• _Work instruction_
Within the entries below, please return exactly the lines from the one with "這次快閃店的布置也非常三星風" through the one with "Но как сделать", leaving out any pictures.

• _Input for this task_
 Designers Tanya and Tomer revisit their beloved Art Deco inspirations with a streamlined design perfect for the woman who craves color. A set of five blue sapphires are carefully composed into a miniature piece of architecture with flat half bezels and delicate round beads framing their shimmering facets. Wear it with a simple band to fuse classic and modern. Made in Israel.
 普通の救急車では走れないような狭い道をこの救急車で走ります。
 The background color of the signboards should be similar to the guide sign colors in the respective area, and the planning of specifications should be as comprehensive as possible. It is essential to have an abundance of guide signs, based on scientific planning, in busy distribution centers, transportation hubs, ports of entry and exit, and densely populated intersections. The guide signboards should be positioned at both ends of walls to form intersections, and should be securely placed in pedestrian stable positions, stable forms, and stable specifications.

---

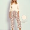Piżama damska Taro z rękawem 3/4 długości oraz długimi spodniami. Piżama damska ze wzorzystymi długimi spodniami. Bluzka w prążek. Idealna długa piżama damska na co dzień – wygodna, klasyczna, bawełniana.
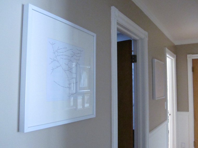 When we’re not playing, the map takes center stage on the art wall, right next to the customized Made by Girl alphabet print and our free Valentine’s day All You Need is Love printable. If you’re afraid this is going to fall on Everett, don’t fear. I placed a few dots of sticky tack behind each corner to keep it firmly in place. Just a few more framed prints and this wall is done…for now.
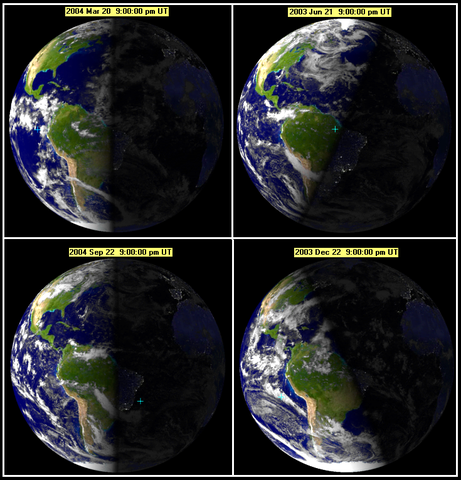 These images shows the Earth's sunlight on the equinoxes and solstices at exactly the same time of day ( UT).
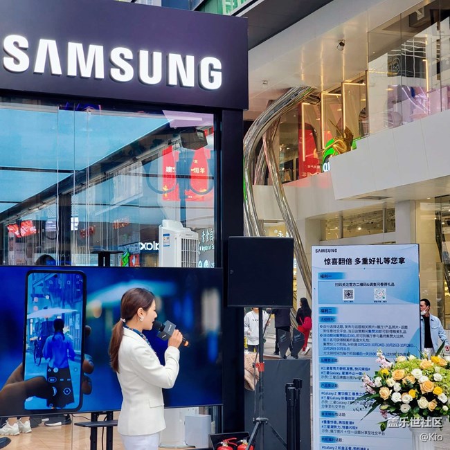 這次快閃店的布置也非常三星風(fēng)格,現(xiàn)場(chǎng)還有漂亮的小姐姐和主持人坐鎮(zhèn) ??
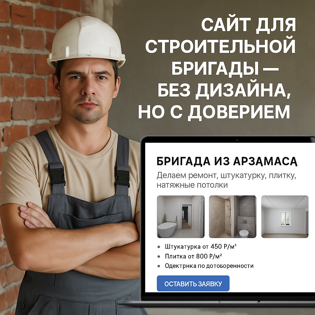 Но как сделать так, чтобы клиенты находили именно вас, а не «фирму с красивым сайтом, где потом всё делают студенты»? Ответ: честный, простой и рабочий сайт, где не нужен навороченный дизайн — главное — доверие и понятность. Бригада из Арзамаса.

* * *

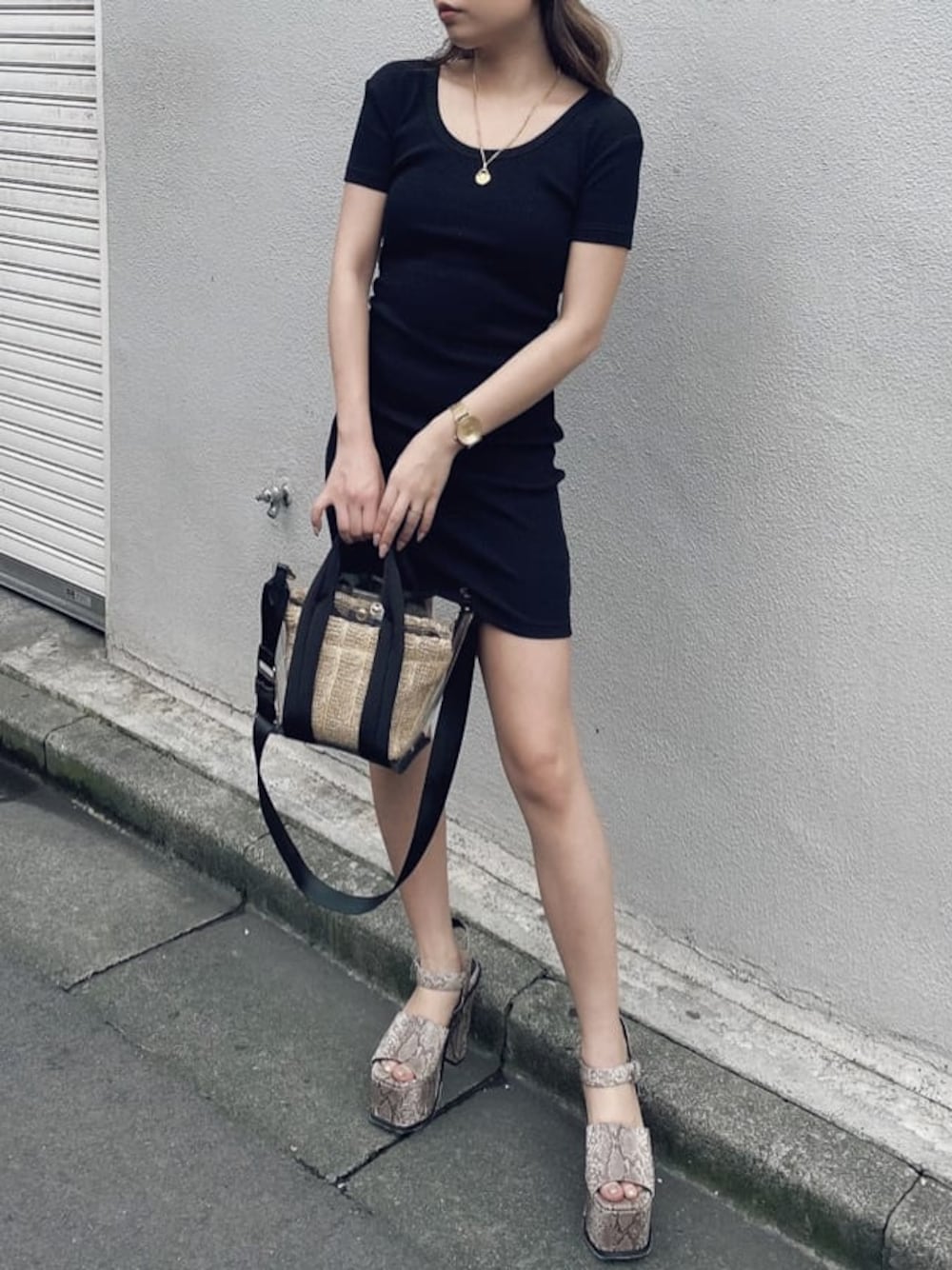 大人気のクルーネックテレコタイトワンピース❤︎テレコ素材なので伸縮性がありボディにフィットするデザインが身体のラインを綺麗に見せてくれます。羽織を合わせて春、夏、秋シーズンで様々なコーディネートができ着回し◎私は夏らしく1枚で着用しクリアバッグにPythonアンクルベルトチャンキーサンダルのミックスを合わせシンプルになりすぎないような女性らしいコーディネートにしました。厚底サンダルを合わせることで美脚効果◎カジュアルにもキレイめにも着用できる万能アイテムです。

• _Task result_
 這次快閃店的布置也非常三星風(fēng)格,現(xiàn)場(chǎng)還有漂亮的小姐姐和主持人坐鎮(zhèn) ??
 Но как сделать так, чтобы клиенты находили именно вас, а не «фирму с красивым сайтом, где потом всё делают студенты»? Ответ: честный, простой и рабочий сайт, где не нужен навороченный дизайн — главное — доверие и понятность. Бригада из Арзамаса.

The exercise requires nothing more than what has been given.